Em entrevista a uma estação local, Arezo TV, em agosto do ano passado, Nabizada culpou o colapso do governo anterior à corrupção e às lutas internas entre alguns poucos políticos poderosos que trabalhavam em benefício próprio em detrimento dos interesses do povo afegão.
“No governo anterior, todos amavam seu cargo de poder, ninguém queria perder cargo e salário e, com isso, todos usavam seus poderes e autoridade de forma inútil”, disse ela.
Ainda assim, apesar de suas falhas, para muitos como Nabizada, o antigo governo afegão representou uma era de esperança expandida para um futuro melhor – e seu colapso foi devastador.
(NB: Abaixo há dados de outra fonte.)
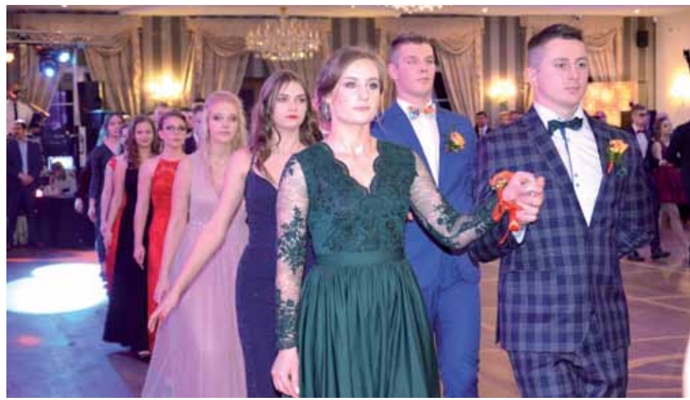
Polonez na studniówce uczniów ZSP nr 2 na Blichu w Łowiczu tańczony był w trzech odsłonach.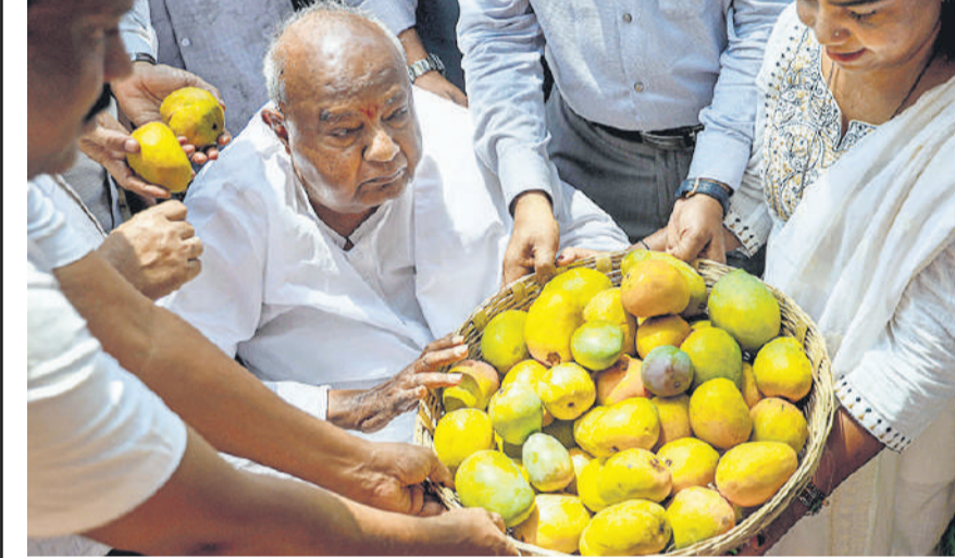
बंगलुरु: पूर्व प्रधानमंत्री और जड़ी (एस) प्रमुख एच.डी. देवेगौड़ा ने सोमवार को कर्नाटक के बंगलुरु स्थित कबन पार्क में आयोजित आम और कटहल मेले का दौरा किया।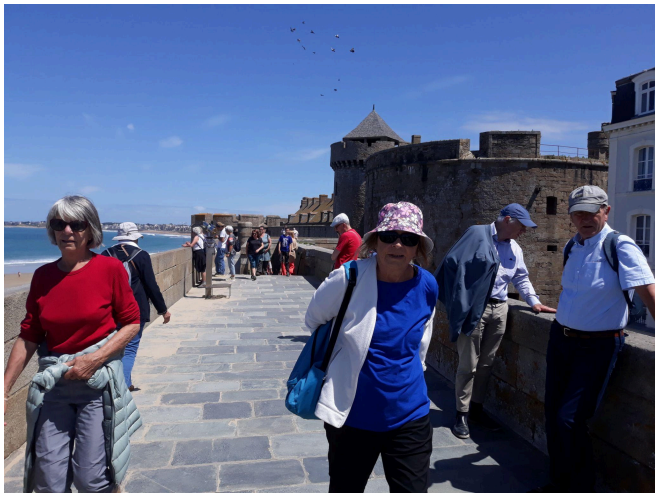
Sur les remparts près du château!

Pierre-Jacques Meslé de Grandclos, né le 4 mars 1728 à Saint-Malo et mort le 30 janvier 1806 au château de Villers-Bocage, est l'un des plus riches négociants et armateurs de son époque à Saint-Malo, qui fit fortune grâce au commerce triangulaire avec l'Afrique et les Antilles. Sur 166 voyages en trente ans, on compte 35 expéditions de Traite négrière et 30 voyages aux Antilles . Entre 1756 et 1792, sur les 17 plus gros armateurs malouins , 12 ont été négriers, selon les travaux de l'historien Alain Roman.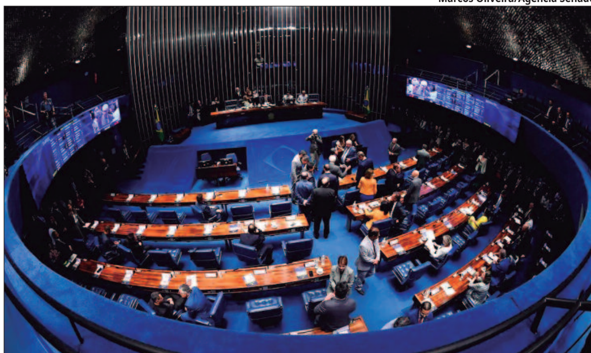
Plano do Governo Federal é começar implementação do novo molde de tributação em 2025

Em suma, a Reforma Tributária determina a simplificação dos impostos a nível federal, estadual e municipal. O imposto sobre consumo, o primeiro a ser tratado na reforma, será único, o Imposto sobre Va-

No programa de televisão, Nabizada relembrou o desgosto que sentiu no dia em que o Talibã entrou pela primeira vez na capital e o governo anterior caiu.
“Foi muito doloroso quando vi nossos soldados abandonarem as armas nos postos de controle e partirem”, disse ela. “Naquele momento meu coração estava explodindo.”
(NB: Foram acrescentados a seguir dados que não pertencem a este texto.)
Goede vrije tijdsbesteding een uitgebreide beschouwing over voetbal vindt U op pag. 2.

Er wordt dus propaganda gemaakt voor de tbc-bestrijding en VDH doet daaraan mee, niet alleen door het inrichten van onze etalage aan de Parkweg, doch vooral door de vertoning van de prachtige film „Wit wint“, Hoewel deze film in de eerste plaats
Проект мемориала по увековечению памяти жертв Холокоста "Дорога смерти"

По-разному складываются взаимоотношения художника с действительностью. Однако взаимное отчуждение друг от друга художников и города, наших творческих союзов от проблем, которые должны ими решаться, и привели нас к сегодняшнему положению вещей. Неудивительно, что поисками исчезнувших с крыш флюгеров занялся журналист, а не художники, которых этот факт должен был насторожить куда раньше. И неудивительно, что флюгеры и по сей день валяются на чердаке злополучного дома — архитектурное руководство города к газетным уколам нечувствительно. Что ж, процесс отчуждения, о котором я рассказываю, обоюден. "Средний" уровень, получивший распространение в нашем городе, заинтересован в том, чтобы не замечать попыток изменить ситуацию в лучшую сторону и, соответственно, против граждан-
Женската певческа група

Ela explicou que, após o medo e a ansiedade iniciais que sentiu quando o Talibã voltou ao poder, ela passou a se sentir mais à vontade e voltou a trabalhar em uma instituição de caridade local onde serviu antes de ingressar no parlamento.
Mas, em uma demonstração de ousadia e desafio, ela acrescentou que o governo do Talibã também tinha suas próprias deficiências. Não era imune à influência de outros países – assim como o governo anterior havia sido influenciado pelos Estados Unidos, disse ela. O fechamento das escolas femininas também foi muito doloroso para ela, acrescentou.
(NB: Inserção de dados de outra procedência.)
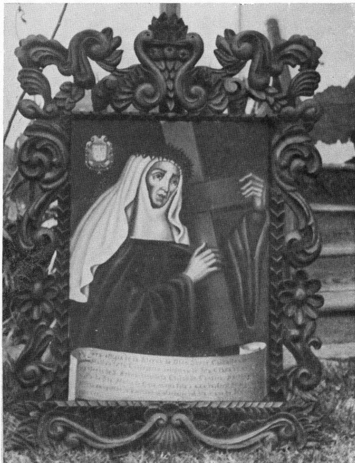
Copia del retrato original de Sor Catalina de San Mateo realizada por Manolo Millares. El marco, labrado por Plácido Fleitas.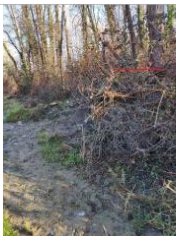
Vue du repère (le trait rouge représente le niveau atteint par les eaux)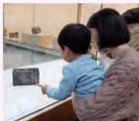
昨年度の鑑賞会より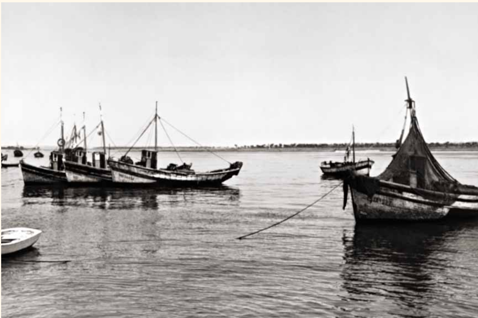
Barcos en la Ría de Punta Umbría, al fondo la Isla de Saltés Hacia 1960. Punta Umbría Tarjeta postal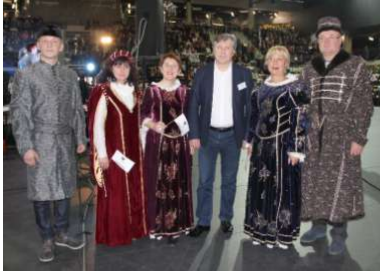
Nuotr. Nacionalinė bendruomenių šventė-sąskrydis „Tai mes!“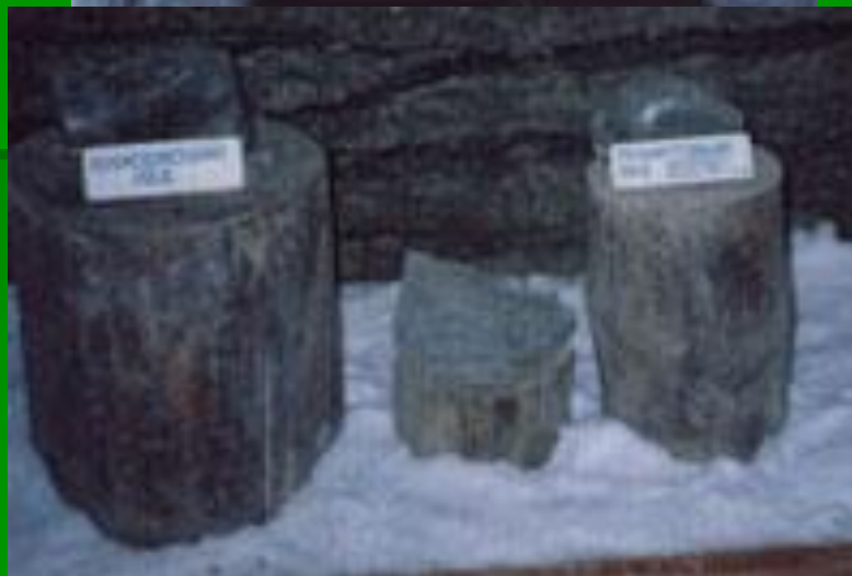
Музей вечной мерзлоты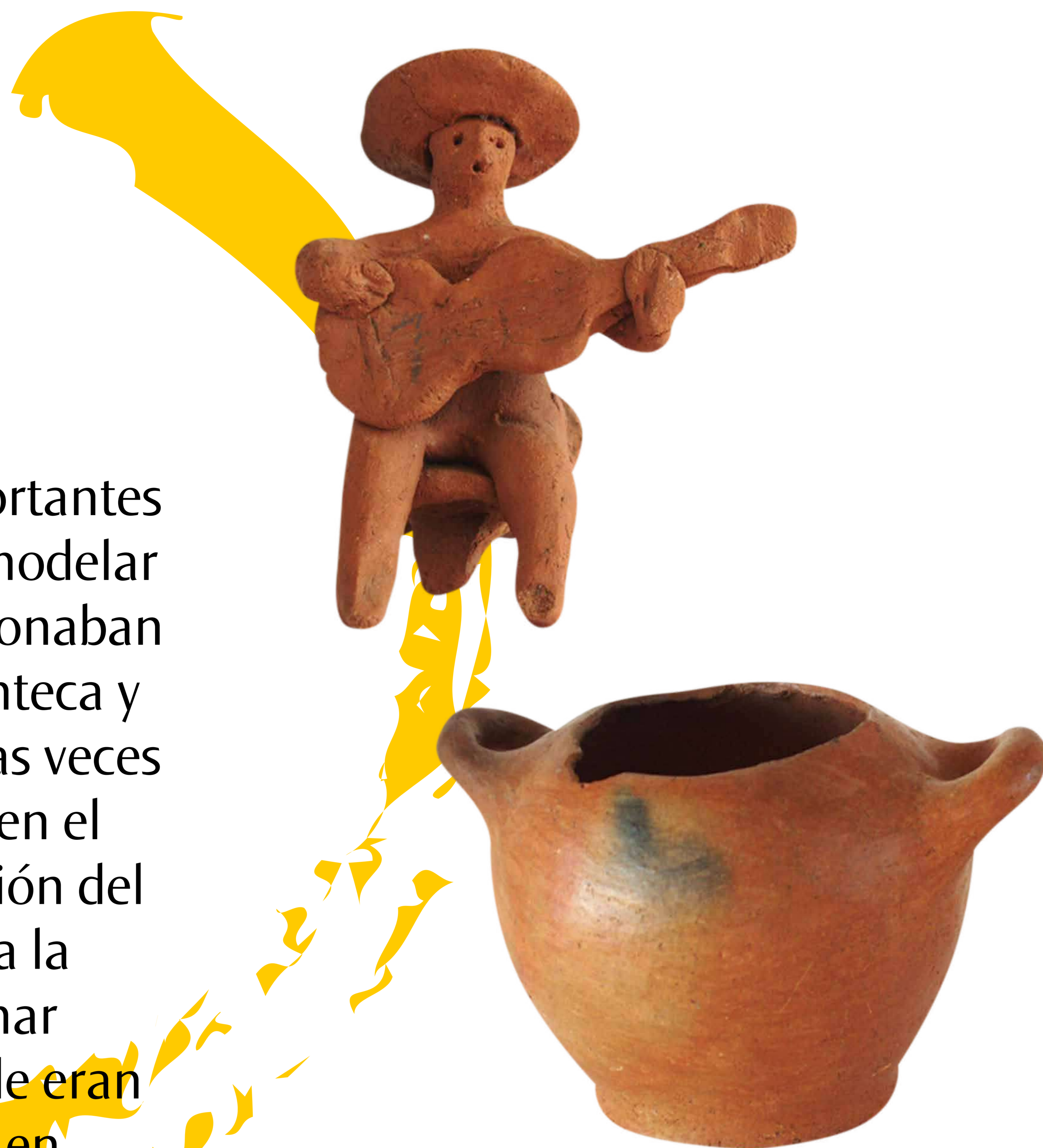
Antiguas vasijas y figuras de Caulín, en Ancud. Colección del Museo Regional de Ancud.

Durante el siglo XX, fueron los centros alfareros más importantes de Chiloé. En ambos, eran las mujeres las encargadas de modelar la greda con la ayuda de conchitas y piedras. Así, confeccionaban platos, jarros, ollas, lecheros, calderos, fuentes para la manteca y cayanas para tostar trigo. Las piezas más pequeñas muchas veces las hacían los niños para recrearse o ayudar a sus madres en el trabajo. En tanto, los hombres colaboraban con la extracción del barro en los pozos mineros y la preparación del fuego para la cocción de las vasijas. Una vez listas, las trasladaban por mar hasta Ancud, Castro, Achao, Carelmapu y Quinchao, donde eran vendidas en ferias y festividades religiosas. Iban envueltas en “chiguas”, contenedores hechos de fibra vegetal para evitar que se quebraran con el embate de las olas.

“Agora as mulheres estão presas em casa”, disse ela. “Eles têm responsabilidades com suas famílias, devem trabalhar. As mulheres estão em uma situação muito ruim, ou seja, são enterradas vivas na cova”.
Seus comentários foram uma rara repreensão pública de qualquer pessoa dentro do Afeganistão a uma administração talibã que reprimiu a dissidência e a mídia.
Mesmo assim, ficou claro que dona Nabizada não estava livre das crescentes restrições às mulheres. Ela apareceu no programa vestindo uma abaya preta – ou vestido semelhante a um robe – um lenço verde escuro e uma máscara facial preta que cobria tudo, menos os olhos verdes.
Durante a entrevista, um garçom trouxe bolo e chá para Dona Nabizada, ao que ela brincou: “Como posso comer o bolo e tomar o chá agora? Você me deu uma máscara.
Em resposta, o entrevistador riu e disse a ela que a máscara não foi ideia dele. Foi mandatado pelo Ministério do Vício e Prevenção da Virtude.